6. Calvin visited Servetus in prison and prayed with and for him. J.I. Packer stated, “Calvin, for the record, showed more pastoral concern for Servetus than anyone else connected with the episode.”
7. As Bruce Gordon wrote, “Heresy was a capital offense, but Calvin did not want Servetus to die.” When the council ordered execution by burning at the stake, Calvin alone intervened to appeal for a more merciful beheading. The council refused.
Of Calvin’s role in the Servetus affair, the historian Paul Henry writes:
…a nearer consideration of the proceeding, examined from the point of view furnished by the age in which he lived, will completely exonerate him from all blame. His conduct was not determined by personal feeling; it was the consequence of a struggle which this great man had carried on for years against tendencies to a corruption of doctrine which threatened the church with ruin. Every age must be judged according to its prevailing laws; and Calvin cannot be fairly accused of any greater offence than that with which we may be charged for punishing certain crimes with death.
While we might disagree that Calvin is completely exonerated from all criticism in the case, the actual circumstances should greatly temper the rabid accusations which are often leveled at him.
Calvin and the leading reformers of his day approved the death of a heretic. But does this blemish invalidate the whole of their teaching? Do David’s actions regarding Bathsheba and Uriah nullify the Psalms? Does Peter’s cowardice and prejudice negate his epistles? There is only One Who has ever perfectly passed the litmus test of character. Such unfortunate failures and flaws in His people highlight all the more the grace God lavishes on such dreadful sinners as us.

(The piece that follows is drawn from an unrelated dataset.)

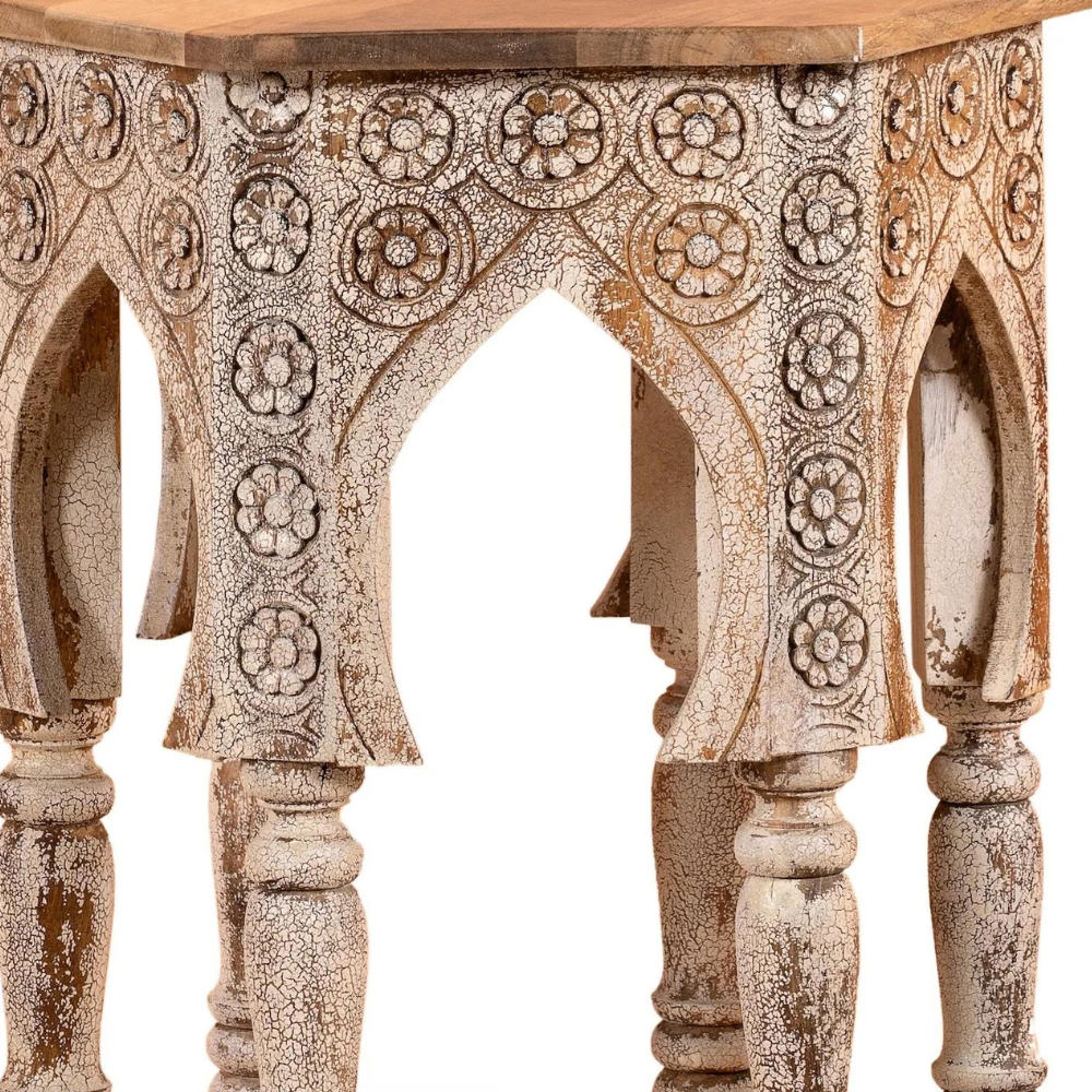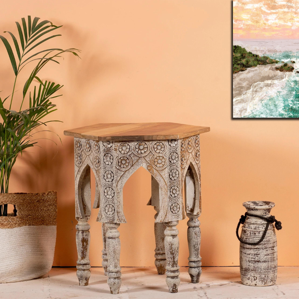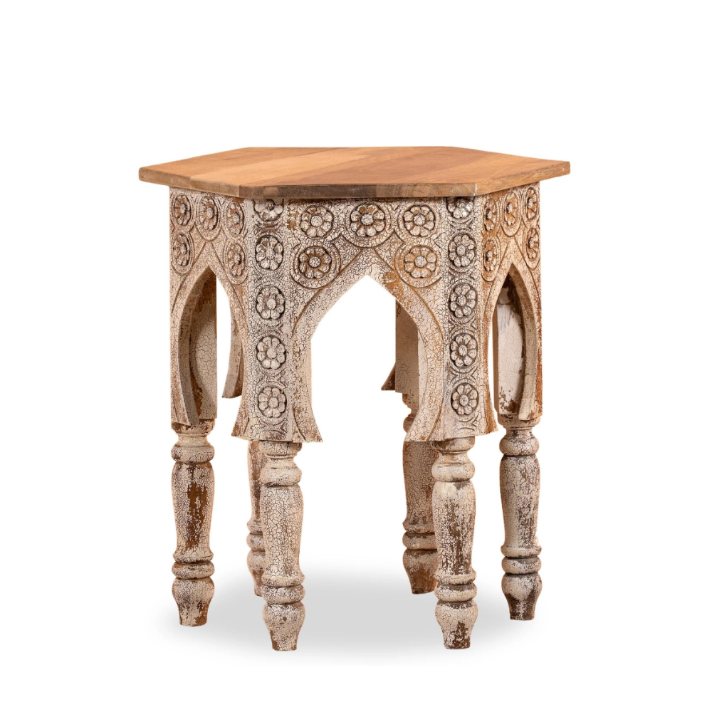 This unique little Side Table is decorated with an intricately carved floral pattern. In its striking color applied in 3 Layers, this table will bring a vintage feel to your home.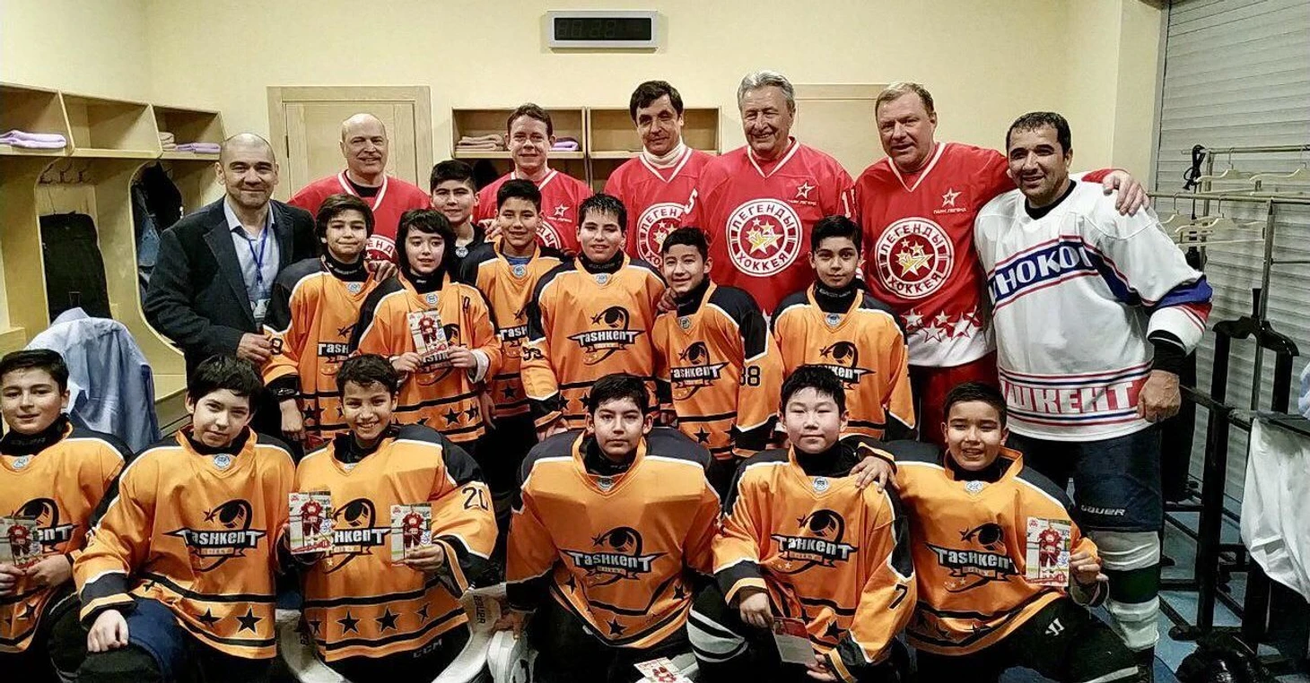 15 марта 2019 года. Ташкент. «Хумо Арена». Алишер Азимов (в ретро-форме «Бинокора» восьмидесятых) и Абдумаджид Насыров (крайний слева в верхнем ряду) с юными ташкентскими спортсменами и ветеранами советского и российского хоккея (слева направо): Виталием Прохоровым, Павлом Буре, Валерием Каменским, Александром Якушевым и Алексеем Жамновым

Years later, on the verge of death, Calvin wrote, “With my whole soul I embrace the mercy which [God] has exercised towards me through Jesus Christ, atoning for my sins with the merits of his death and passion, that in this way he might satisfy for all my crimes and faults, and blot them from his remembrance…I confess I have failed innumerable times to execute my office properly, and had not He, of His boundless goodness, assisted me, all that zeal had been fleeting and vain…For all these reasons, I testify and declare that I trust to no other security for my salvation than this, and this only, viz., that as God is the Father of mercy, he will show himself such a Father to me, who acknowledge myself to be a miserable sinner.”
We have on the books a Federal law against treason, which can be punished by death. Shall we repeal it, or should we debate what is meant by treason? While we’re at it, might we reflect on what “treason” might have meant to 16th century Geneva?